• **WORK ITEM**
For every entry below, give it back exactly and leave out any image.

Records excerpted from a collection:
■ ■ ■ ■ ■ ■ ■

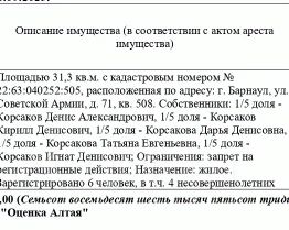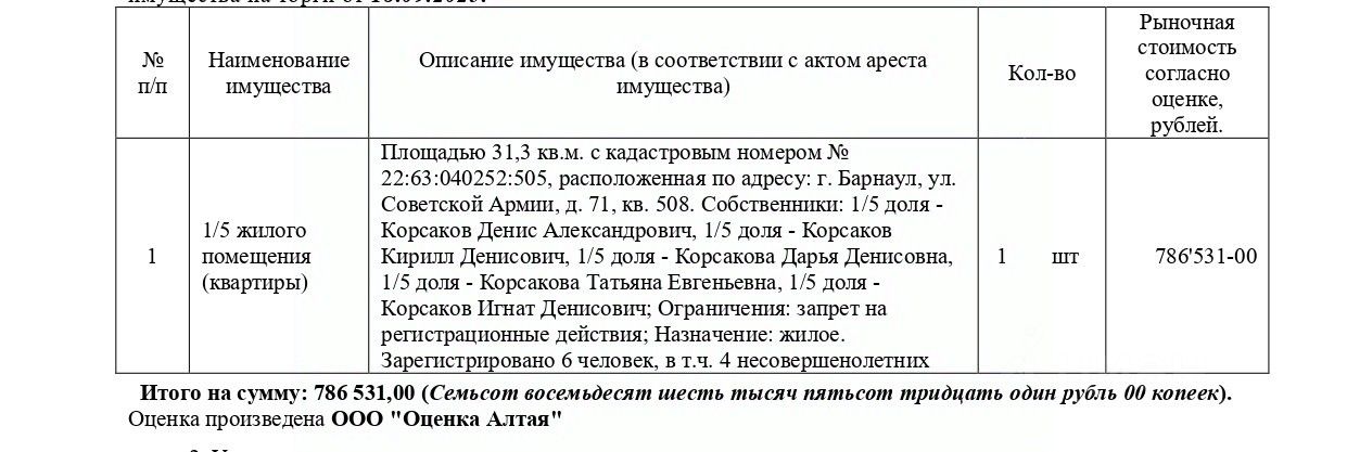 1/5 жилого помещения (квартиры), кадастровый 22:63:040252:505, площадь 31,3 кв.м., адрес: Алтайский край, г. Барнаул, ул. Советской Армии, д. 71, кв. 508. Зарегистрировано 6 человек, в т.ч. 4 несовершеннолетних. Начальная цена 786 531 руб. (Корсаков Д.А., Корсаков К.Д., Корсакова Д.Д., Корсакова Т.Е., Корсаков И.Д., запрещения регистрации) (1635)
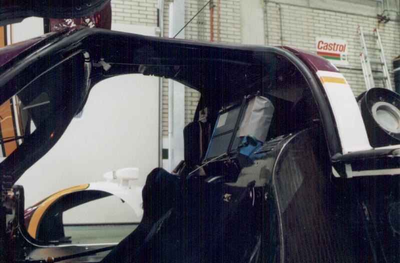 Left side view of the cockpit. This picture was taken without a flashlight, and shows the natural appearance of the carbon fabric. Note the engine management 'black box'. The engine oil dip stick is just in front of it! A small fabric cover is vaguely visible below them.
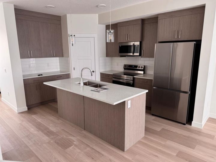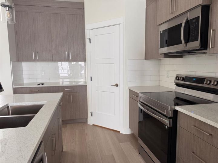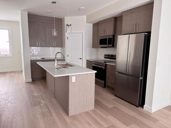 *OPEN HOUSE SAT & SUN 12–3* Builder incentive included: free basement development with purchase. Welcome to this brand new two storey duplex offering over 1,300 square feet of thoughtfully designed living space with 3 bedrooms and 2.5 bathrooms. With a fully developed basement included by the builder, this home delivers exceptional value right from day one. Built with modern finishes and a functional layout, it is well suited for first time buyers, families, or investors seeking long term value. The main floor features 9 foot ceilings and an open concept design filled with natural light. The kitchen is both stylish and practical, featuring quartz countertops in the kitchen and bathrooms, a large central island, and modern cabinetry. Durable vinyl plank flooring runs throughout the main level, while carpet adds comfort to the upper bedrooms. Upstairs, the primary bedroom includes a generous closet and a private 3 piece ensuite. Two additional bedrooms and a full bathroom complete the upper level, offering flexibility for family, guests, or a home office. A separate side entrance enhances functionality and adds versatility for the fully developed basement. Triple pane windows improve energy efficiency and year round comfort throughout the home. Outside, the property offers rear lane access and a detached double garage. Located close to parks, playgrounds, walking paths, schools, shopping, and major routes, this home delivers modern design, efficient use of space, and everyday convenience. Outside, the property offers rear lane access and a detached double garage. Located close to parks, playgrounds, walking paths, schools, shopping, and major routes, this home delivers modern design, efficient use of space, and everyday convenience.
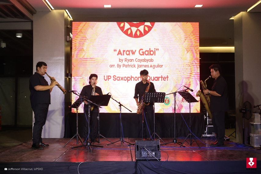 The UP Saxophone Quartet followed, performing Araw-Gabi, music and lyrics by National Artist for Music Ryan Cayabyab, arranged for saxophone quartet by Patrick James Aguilar, and Beautiful Girl, music and lyrics by Jose Mari Chan, arranged for saxophone quartet by Michael Mark Guevarra.
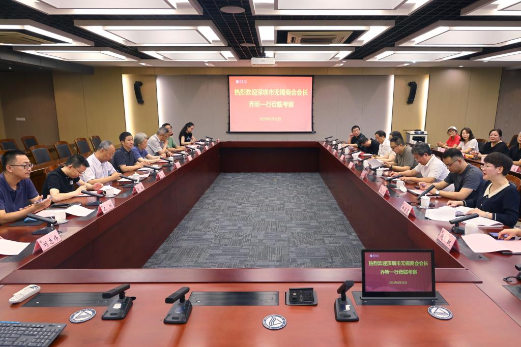 戴月波对乔昕一行的到来表示热烈的欢迎,对深圳市无锡商会以及市工商联长期以来对学校的关心和支持表示感谢。他就学校的总体办学规模、学科发展、社会美誉度以及国际国内影响力等方面做了简要介绍。他指出,深圳和无锡,一个是粤港澳大湾区、珠三角的核心城市,一个是太湖湾、长三角的几何中心城市。他希望,双方能够以本次交流对接为契机,共谋发展、达成共识,在更高层次、更深领域开辟和打造校企合作新样板。他期待,乔昕能率团常回母校、常回无锡,携手江南大学,助力“双湾”“两角”深度合作,共同推动教育链、人才链、产业链、创新链的有机融合,为学校高质量发展注入新动能,激发新活力。
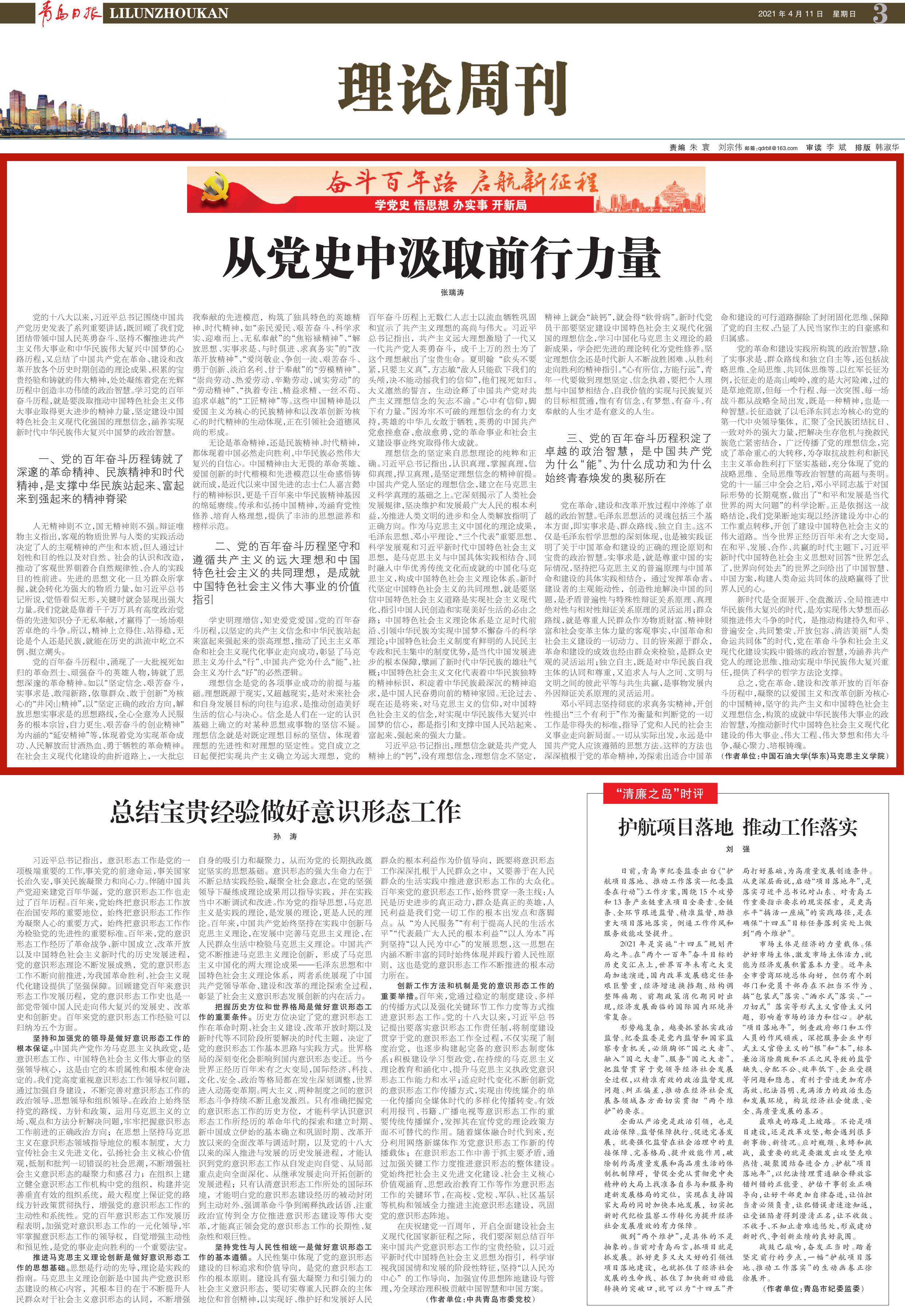 2021年4月11日,《青岛日报》第3版(理论版)刊发公司张瑞涛教授理论文章《从党史中汲取前行力量》。
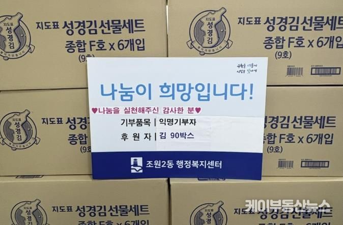케이부동산뉴스 김교민 기자 | 수원시 장안구 조원2동은 지난 3일, 설 명절을 맞아 익명의 기부자가 김 81박스를 기탁해 지역사회에 따뜻한 온정을 전했다고 밝혔다.

■ ■ ■ ■ ■ ■ ■

• **TASK OUTPUT**
 1/5 жилого помещения (квартиры), кадастровый 22:63:040252:505, площадь 31,3 кв.м., адрес: Алтайский край, г. Барнаул, ул. Советской Армии, д. 71, кв. 508. Зарегистрировано 6 человек, в т.ч. 4 несовершеннолетних. Начальная цена 786 531 руб. (Корсаков Д.А., Корсаков К.Д., Корсакова Д.Д., Корсакова Т.Е., Корсаков И.Д., запрещения регистрации) (1635)
 Left side view of the cockpit. This picture was taken without a flashlight, and shows the natural appearance of the carbon fabric. Note the engine management 'black box'. The engine oil dip stick is just in front of it! A small fabric cover is vaguely visible below them.
 *OPEN HOUSE SAT & SUN 12–3* Builder incentive included: free basement development with purchase. Welcome to this brand new two storey duplex offering over 1,300 square feet of thoughtfully designed living space with 3 bedrooms and 2.5 bathrooms. With a fully developed basement included by the builder, this home delivers exceptional value right from day one. Built with modern finishes and a functional layout, it is well suited for first time buyers, families, or investors seeking long term value. The main floor features 9 foot ceilings and an open concept design filled with natural light. The kitchen is both stylish and practical, featuring quartz countertops in the kitchen and bathrooms, a large central island, and modern cabinetry. Durable vinyl plank flooring runs throughout the main level, while carpet adds comfort to the upper bedrooms. Upstairs, the primary bedroom includes a generous closet and a private 3 piece ensuite. Two additional bedrooms and a full bathroom complete the upper level, offering flexibility for family, guests, or a home office. A separate side entrance enhances functionality and adds versatility for the fully developed basement. Triple pane windows improve energy efficiency and year round comfort throughout the home. Outside, the property offers rear lane access and a detached double garage. Located close to parks, playgrounds, walking paths, schools, shopping, and major routes, this home delivers modern design, efficient use of space, and everyday convenience. Outside, the property offers rear lane access and a detached double garage. Located close to parks, playgrounds, walking paths, schools, shopping, and major routes, this home delivers modern design, efficient use of space, and everyday convenience.
 The UP Saxophone Quartet followed, performing Araw-Gabi, music and lyrics by National Artist for Music Ryan Cayabyab, arranged for saxophone quartet by Patrick James Aguilar, and Beautiful Girl, music and lyrics by Jose Mari Chan, arranged for saxophone quartet by Michael Mark Guevarra.
 戴月波对乔昕一行的到来表示热烈的欢迎,对深圳市无锡商会以及市工商联长期以来对学校的关心和支持表示感谢。他就学校的总体办学规模、学科发展、社会美誉度以及国际国内影响力等方面做了简要介绍。他指出,深圳和无锡,一个是粤港澳大湾区、珠三角的核心城市,一个是太湖湾、长三角的几何中心城市。他希望,双方能够以本次交流对接为契机,共谋发展、达成共识,在更高层次、更深领域开辟和打造校企合作新样板。他期待,乔昕能率团常回母校、常回无锡,携手江南大学,助力“双湾”“两角”深度合作,共同推动教育链、人才链、产业链、创新链的有机融合,为学校高质量发展注入新动能,激发新活力。
 2021年4月11日,《青岛日报》第3版(理论版)刊发公司张瑞涛教授理论文章《从党史中汲取前行力量》。
케이부동산뉴스 김교민 기자 | 수원시 장안구 조원2동은 지난 3일, 설 명절을 맞아 익명의 기부자가 김 81박스를 기탁해 지역사회에 따뜻한 온정을 전했다고 밝혔다.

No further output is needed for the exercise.